Preparing for yoga training is just as important as attending the training itself. As with any course, preparation helps a class dive deeper into learning, and promotes participation. And the more you learn, absorb and practice, the better teacher you’ll be!
If you are reading this yoga teacher training preparation guide, you’re likely signed up for a yoga training program and excited to maximize the opportunity. If you are attending our own annual kids yoga training certification, we look forward to meeting you! Though our particular training is 30 hours, these tips can be applied to any yoga teacher training course, with any length of time.
In order to best prepare for yoga teacher training, you should:
1. Familiarize yourself with beginner yoga poses.
Though you do not need to be an experienced yogi to take a yoga teacher training, it would be beneficial to familiarize yourself with poses like Mountain Pose, Downward Dog, Warrior, and Plank — or at least feel comfortable doing them — before your training.

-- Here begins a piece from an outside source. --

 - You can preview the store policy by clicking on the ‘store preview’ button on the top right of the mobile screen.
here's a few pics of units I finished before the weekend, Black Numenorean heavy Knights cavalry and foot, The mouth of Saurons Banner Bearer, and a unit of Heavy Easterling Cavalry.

Most classes will warm up with a sun salutation, and many poses add on to the sequence.
How to prepare: Since Yo Re Mi yoga teacher certification is for children’s yoga teacher training, our kid-friendly Sun Dance is a musical staple that covers the aforementioned poses.
2. Create and maintain a consistent daily practice (Sadhana).

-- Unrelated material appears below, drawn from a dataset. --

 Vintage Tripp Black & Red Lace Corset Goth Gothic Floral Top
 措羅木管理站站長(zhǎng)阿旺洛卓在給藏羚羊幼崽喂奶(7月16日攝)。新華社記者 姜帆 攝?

Yoga teacher training will be most effective to trainees who begin doing the work before training has even begun. While it can vary in terms of length and activities, your daily practice should include some mindful movement (asana or somatics) as well as breathing exercises (pranayama) and meditation.
If you are an educator, you may be interested to also learn more about how a consistent mindfulness practice can help cultivate classroom success.
3. Complete course prep work and familiarize yourself with course materials.
In the Yo Re Mi kids yoga teacher training, there is about 4 hours of pre-work required to complete 30 hours of training — the other 26 hours covers in-person training. While your yoga teacher training hours may vary, a good training will include pre-training prep work or homework. This coursework is often a requirement and essential to your training success.
How to prepare: Before your training, be sure to check your email (and spam folder) to look out for any next steps or instructions from your training administrators. If you do not receive any prep work, be sure to inquire directly to ensure you haven’t missed an important notification.
4. Form a support team outside of yoga teacher training.
Though many yoga teacher training graduates rave about the connections and support they gain from within their training, it is important to seek support before the training too.
Let people know what you are about to do. Ask family, friends and coworkers to hold space for your process. Yoga training involves personal transformation. You might need a lifeline at some point: someone who can remind you of your why, your big vision and encourage you to keep going!
Read more about what one kids yoga teacher training graduate thought of the program.
5. Make time for self-reflection and journaling.
Consider why you are embarking on the training and what you hope to receive. Set an intention for the overall training and for yourself.
How would you like to feel at the end of this process?
What skills do you hope to gain?
How can you bring your best self into this course?
Practicing self-reflection (and journaling those thoughts) will not only prepare you for teacher training, but also help employ tools for deeper practice in the future (like gratitude journaling, which helps with teacher burnout).
6. Eliminate distractions.
Take as many work and personal obligations off your plate as possible. Ask your support team for help in handling anything that comes up while you are in your training. Have a system in place for who (not you) is in charge of different roles while you immerse in your learning.
If your personality often seeks control, asking for and accepting help does not always come naturally — allow this to be part of the process.
7. Eat, drink, sleep!
As much as possible, try to eat healthy whole foods and drink lots of water in the weeks before and during your training. Bow out of late-night social obligations (remember, your support team knows why and should be okay with you taking a few weekends off) and go to bed early!
Sleep is when we give our body and mind the opportunity to integrate, heal and repair. If you set up a healthy sleep schedule in the days or weeks before your training, you will be well rested and ready for optimal learning.
8. Pack the right supplies.
Don’t wait until the morning of your training to grab your supplies. Take the week to locate and gather the following items, and designate a “training” bag that’ll fit your coursework and necessities:
A healthy lunch
Water and a refillable bottle
Yoga Mat (if you have one)
Instruments (optional) - Yo Re Mi teachers use ukuleles and we highly recommend it for anyone using music in their classes! If you plan to use a ukulele, guitar, drum or other instrument in your classes, bring it too!
9. Identify your learning style to set yourself up for success.
Some students find they focus better when they highlight, draw, or use a fidget during lectures and discussions. Others may find they get lost trying to notate every last word and miss the greater message.
Knowing your learning style can help you make the most of intensive trainings like a yoga teacher certification, and set you up for success.
How to prepare: If it is helpful, ask your teacher ahead of time if you can record the sessions. Sometimes it is easier to stay present in the experience when you are not trying to capture everything in notes.
Last, but not least: Be excited. Be proud.
You are embarking on a new adventure — whether a continuation of your yoga journey or a brand new experience, you will emerge from this training with new knowledge, community, and tools to weave yoga and mindfulness into your life and the lives of others! Thank yourself for your commitment to learning.